Review: Shot in five days on a budget of fifty grand, it’s not surprising this movie is, well, bad. Frankly it’s a miracle it’s as good as it is. If anybody but Roger Corman tried to make a whole damn B movie in five days with that little money, they’d be hard pressed to come up with something you could even follow, let alone like. Sure, the plot’s a rip off of the 1939 horror classic, ‘Mystery of the Wax Museum’, but the difference between rip off and homage is money and time.

An intentional black comedy, this film paved the way for Corman’s next collaboration with screenwriter Charles B. Griffith, ‘Little Shop of Horrors’.

The Beatniks are all pretty hilarious, as is the upward spiral of Paisley’s murders. The first one is serendipity. Listen, if you were under a great deal of pressure to create a masterpiece follow up to ‘Cat With Knife In It’ and an undercover cop cornered you in your apartment and tried to arrest you some heroin you didn’t even know you had, wouldn’t you beat the cop to death with a frying pan and cover him in clay? I know I would. Soon Walter discovers that fame is addictive, and murder is like potato chips, it’s really hard to stop after the first one.

I saw this public domain puppy on TCM about a month ago and was so slack-jawed in wonder by the end, it was days before I realized there’s no Bucket of Blood in the whole damn movie. Or who knows, maybe there was at some point and I missed it when one or another of my synapses blew apart, a hazard that goes without saying when delving into the Corman oeuvre.

Overall rating: WholeHalf
(Scored on a 0.5 - 5 pickles rating: 0.5 being the worst and 5 being the best)

Reader Comments

That damn kid
Sep 8th, 2008, 06:28 AM
This sounds like a good movie with the description you gave me... YOU LIAR!!
Member
Sep 8th, 2008, 02:58 PM
Also a classic MST3k episode.
The Power of Grayskull
Sep 8th, 2008, 06:04 PM
Actually, I don't think MST3k did this movie.

Reading Max's description of it though, I really wish they had.
Forum Virgin
Sep 8th, 2008, 11:48 PM
If you think that's amazing, the film noir Detour (1945) was shot in 3 days on a budget of $30,000. Unlike Bucket of Blood, though, it's apparently pretty good.
Pickleman's Uncle
Sep 9th, 2008, 05:14 AM
Wow an old movie that sucks ass.
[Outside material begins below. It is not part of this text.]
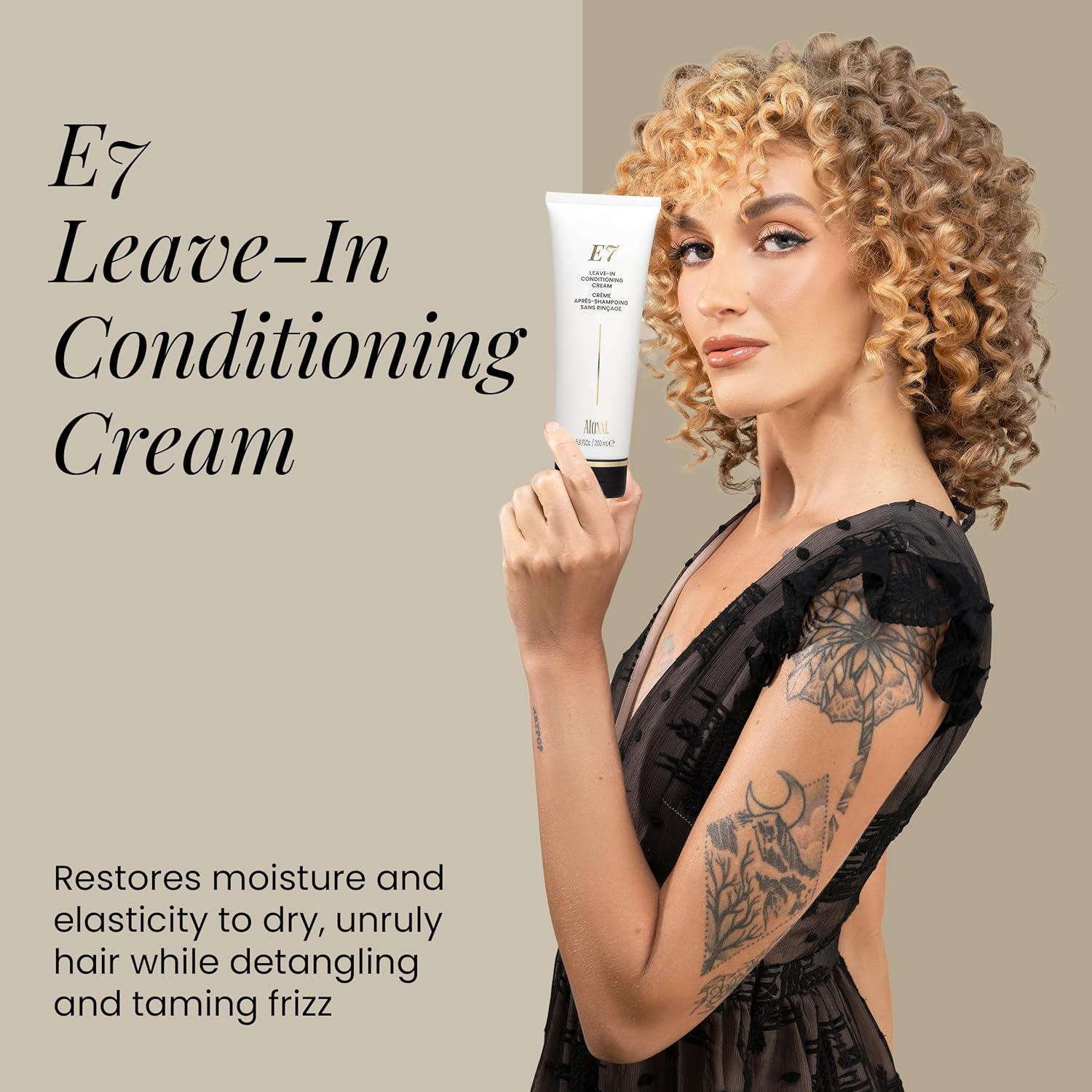 Product Description The ALOXXI E7 Leave-In Conditioning Cream delivers intense hydration and repairs dry, frizzy hair. Enriched with a blend of 7 essential oils, including Olive, Jojoba, and Grape, this lightweight hair cream smooths frizz, restores elasticity, and protects color-treated hair from UV damage. The ColourCare Complex ensures long-lasting vibrancy, while the weightless formula leaves hair manageable and shiny without build-up. This leave in conditioning and detangling solution is free from harsh chemicals, including sulfates and parabens, and safe for color-treated hair. Brand Story EXPERT CARE FOR COLORFUL HAIR We are passionate hair enthusiasts united in sharing our knowledge and love of hair color, care and styling. Our industry tested, clinically proven formulas make hair healthier, shinier and stronger,Intense Hydration & Repair: Deeply nourishes and restores moisture to dry, unruly hair while taming frizz,7 Essential Oils: Infused with Olive, Jojoba, and Grape Oils to boost elasticity and add shine,Frizz Control & Smoothing: Weightless formula smooths and softens hair while reducing static and breakage,Color Protection: Proprietary ColourCare Complex protects hair from UV damage and prevents color fading,Signature Scent: Delicately fragranced with fresh fruit and floral top notes balanced against base notes of sandalwood and musk

Well we don't see that often.
I wonder if the internet will turn out to be like movie and in 30 years we'll look back at 2008 internet and wonder how the hell anyone could tolerate such mediocrity.
pickled
Sep 9th, 2008, 06:14 PM
Man, old B-movies are awesome.
Forum Virgin
Sep 9th, 2008, 10:15 PM
Well, I downloaded it and was planning on watching it, but after reading your review, I guess I'll just free my hard drive for something better.
The Moxie Nerve Food Tonic
Sep 10th, 2008, 08:53 AM
Oh, don't do that! It's well worth seeing. It's just not, you know, good. It's a very good bad film though.
Former Virgin
Sep 10th, 2008, 10:57 PM
I vaguely remember the MST3K episode. What a horrible movie.
Space Cowboy
Sep 12th, 2008, 04:30 AM
MST3K did enough Roger Corman movies for it to be okay that they skipped over this one.
Kat Kat is offline
Breathes Comics
Jun 19th, 2009, 02:56 PM
I know this review was posted quite a while ago, but I'd like to point out that there WAS a 'bucket' of blood.

It's in the part when his landlady comes in his apartment and he manages (with freakish strength) to hide the dead policeman above the door way before she gets in the room.

After she leaves, he puts down a pan to catch the blood dripping off his arm.

It doesn't last very long, but I believe that's the symbolism to the movie.
Member OfThe Pigmask Army
Sep 29th, 2009, 09:33 PM
Fun fact; this was made by the same dude as Little Shop of Horrors. That is were he got the film, notice the plot of this was like the chassis (If you will) of Little Shop of Horrors' plot.
On an unrelated note, MY FIRST POST!